At the time, GDS was given a deadline of September 2021 to find an alternative for the departments that had adopted the service. In February, Cabinet Office minister Michael Gove wrote to Whitehall departments mandating the use of a new digital identity system that will allow citizens to be tracked across the Gov.uk website.

Read didn’t want to comment on the government’s past failures around producing a digital identity system for online public services and its wider commercial use. “I’m not going to dwell on why things worked or didn’t last time.
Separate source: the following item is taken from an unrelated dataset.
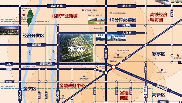 交 通:公路:青银高速旁,距离青银高速入口2.5km;机场:距离潍坊机场10km;高铁:距离高铁北站7km,距离潍坊火车站7km;轻轨:靠近潍坊新规划轻轨3号线;
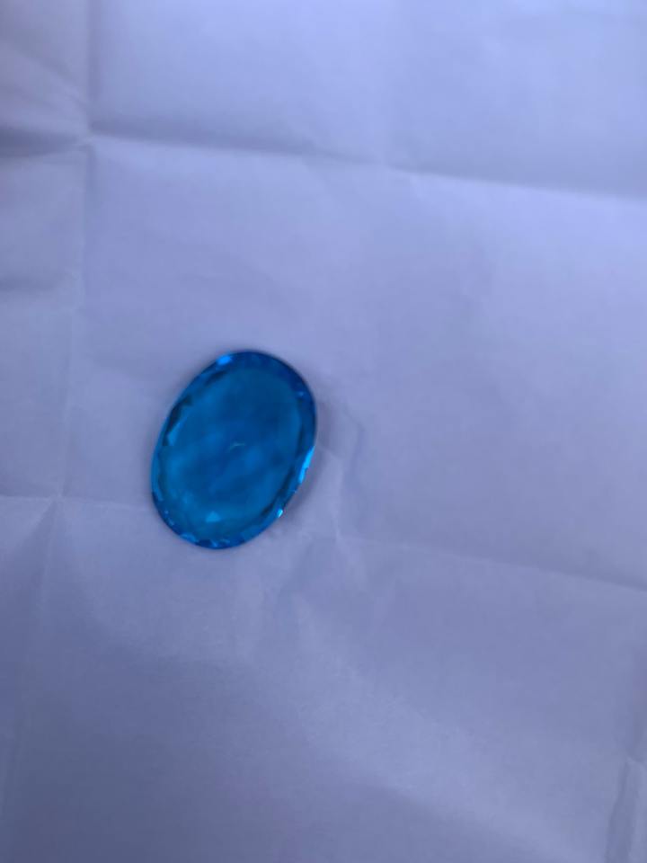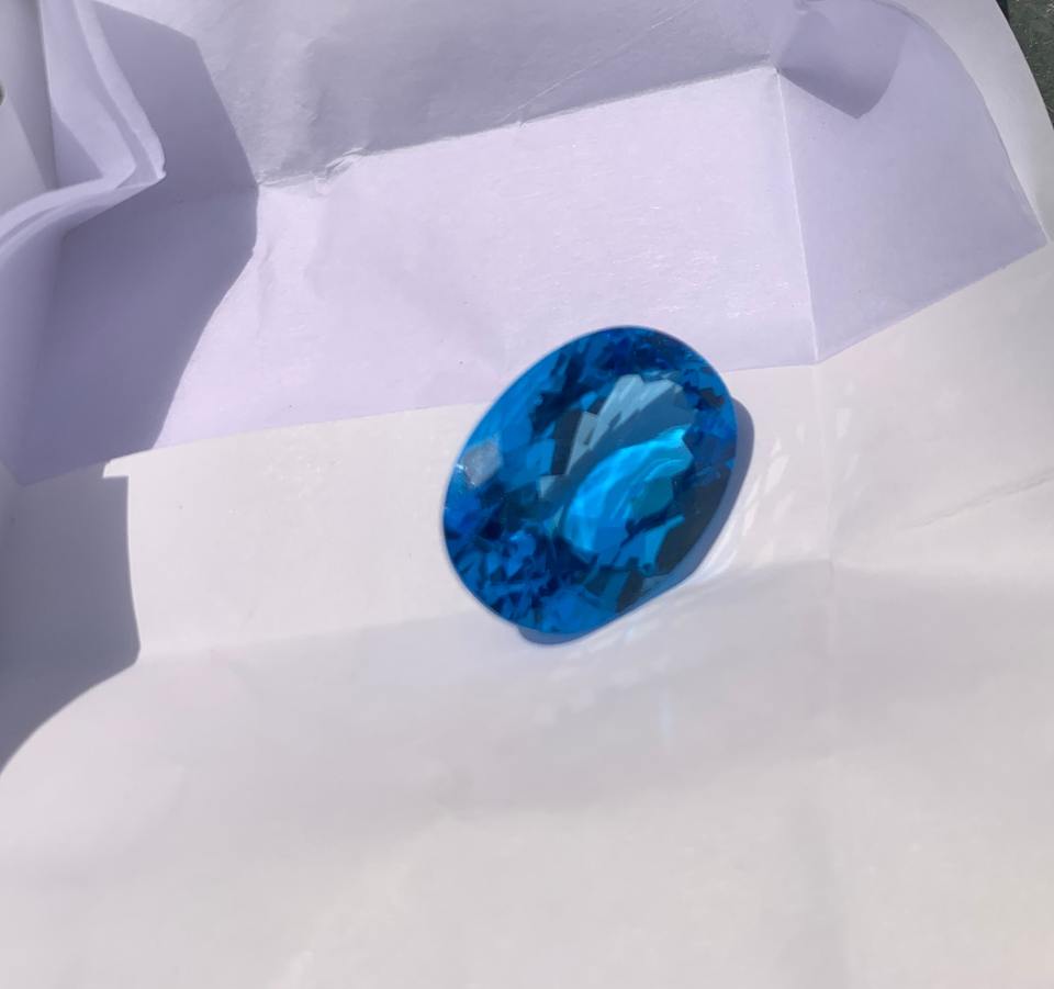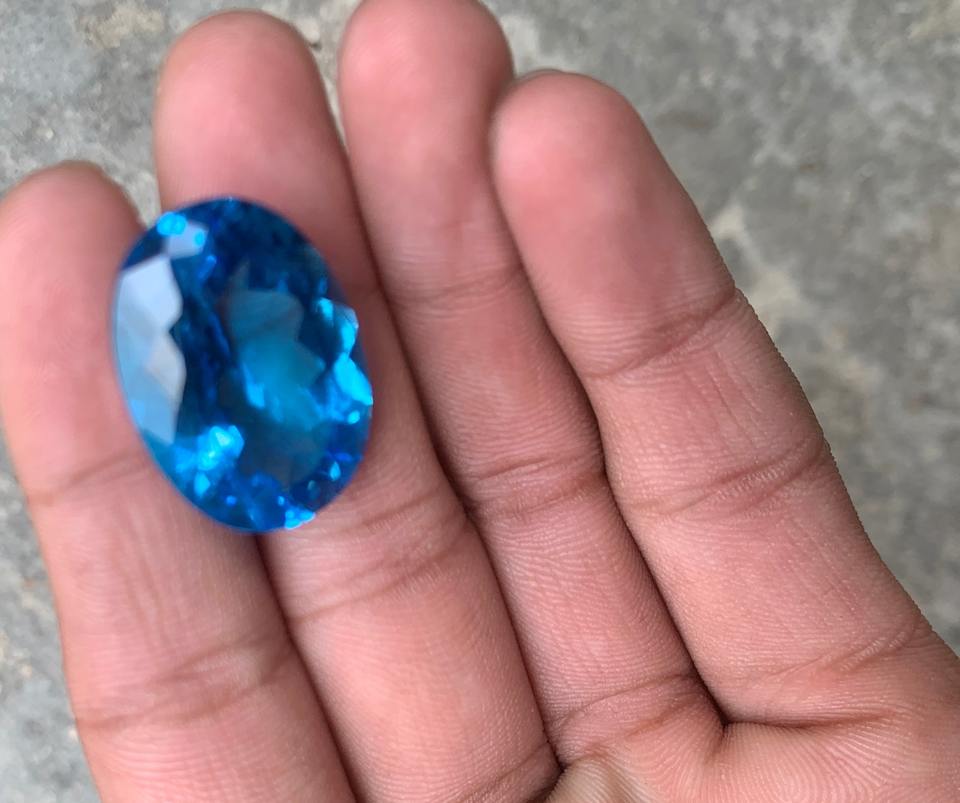 พลอยบลูโทแพซสีฟ้าธรรมชาติคุณภาพ AA+ ทรงรี ขนาด 38.45 กะรัต สำหรับทำเครื่องประดับ

In 2021, this problem has been solved by many governments round the world and we can borrow patterns,” he noted, adding that the GDS has “strong support” from ministers and large government departments – such as the Department for Work and Pensions, the largest Verify user – to make it work this time.

Read more about digital identity in the UK government

According to the job description, the efforts are expected to last several years and will include integration of activities across government departments, overseeing risks and governance of the programme as well as engagement in government including ministers and permanent secretaries, the digital identity industry, special interest groups, and scrutiny bodies including the National Audit Office and Parliament.

Based out of Bristol and Manchester with a yearly salary of up to £120,000, the job requires candidates to have a background that includes delivery of projects with “significant technical components and complexity”, as well as the ability of “making decisions and setting direction without having the full picture” and “experience to reduce ambiguity”.

“You need a passion for doing the right thing, as well as a history of delivering big complicated things at real pace,” said Read. Applications for the job are open until 19 April 2021.